3/26/2008 - USCIS Publishes H-1B Visa Interim Rule

In an effort to discourage multiple H-1B filings by the same employers for the same potential employees aimed at increasing the odds of being chosen in a lottery, USCIS has published a strict new rule in the March 24 edition of the Federal Register.

If USCIS detects more than one petition with both the same employer-petitioner and the same employee-beneficiary, both petitions will be denied (or revoked, if one or both were already approved) and filing fee will not be returned for either petition. USCIS will also retain filing fees and deny H-1B petitions if the petition was submitted with a false statement that the petition was exempt from the H-1B cap, but USCIS determines that it is not exempt after available cap-subject H-1Bs have been entirely depleted.

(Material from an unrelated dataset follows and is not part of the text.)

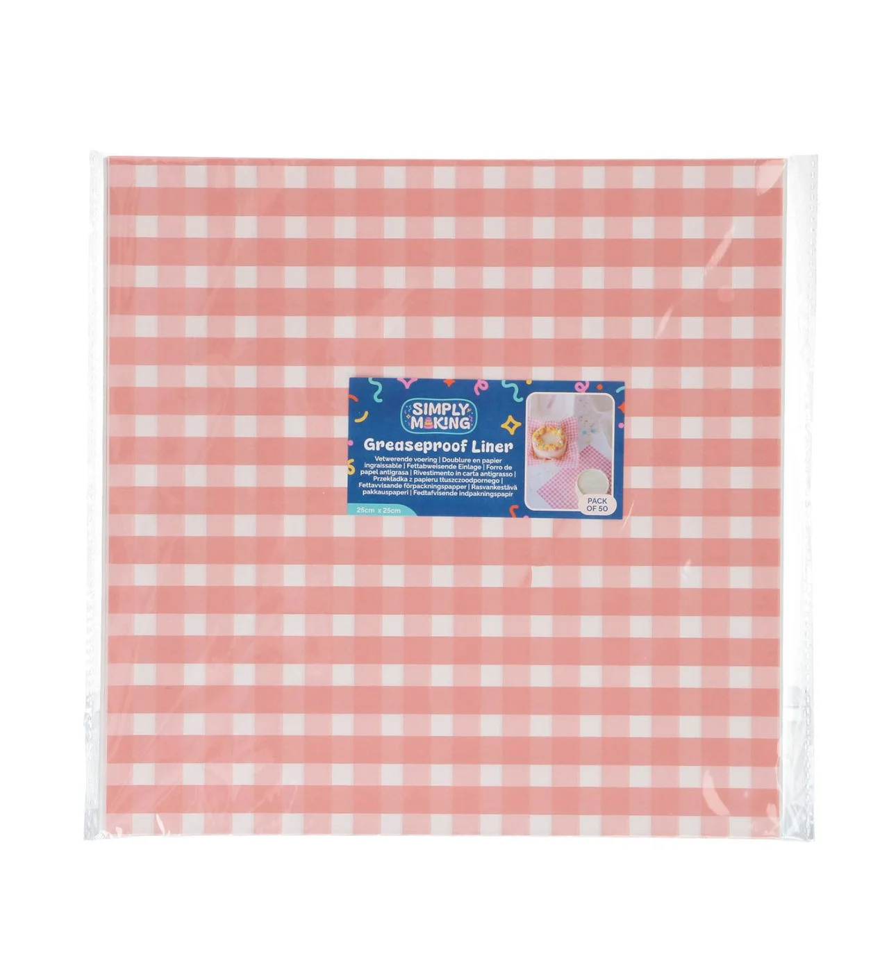 Emballage Bento Cake Papier Vichy Rose 25 cm (x50) Simply Making

A more favorable aspect of the new rule is that H-1Bs will be accepted for inclusion in the lottery for the first five days of April, not only for the first two days as previous permitted (and as happened last year). Further, different companies within the same corporate umbrella (parents, subsidiaries, affiliates, etc.) can still file separate applications for the same individuals without running afoul of this new rule.

Last year, the entire general allotment of 65,000 H-1B visas was entirely used in these first two days (in fact, far more than double this number of applications was submitted), and USCIS resorted to a lottery to allocate the available visas. It is anticipated that an even greater number of applications will be competing for available H-1B visa this year, and that the additional 20,000 H-1Bs allotted to those with Master's degrees from U.S. schools will go almost as quickly (they lasted almost to the end of April last year).

Bottom Line:

The new rule should cut down on "multiple-dipping" by larger petitioners, and on the whole does serve to make the lottery process somewhat more fair.

Who Should Care:

H-1B petitioning employers, potential H-1B sponsored employees.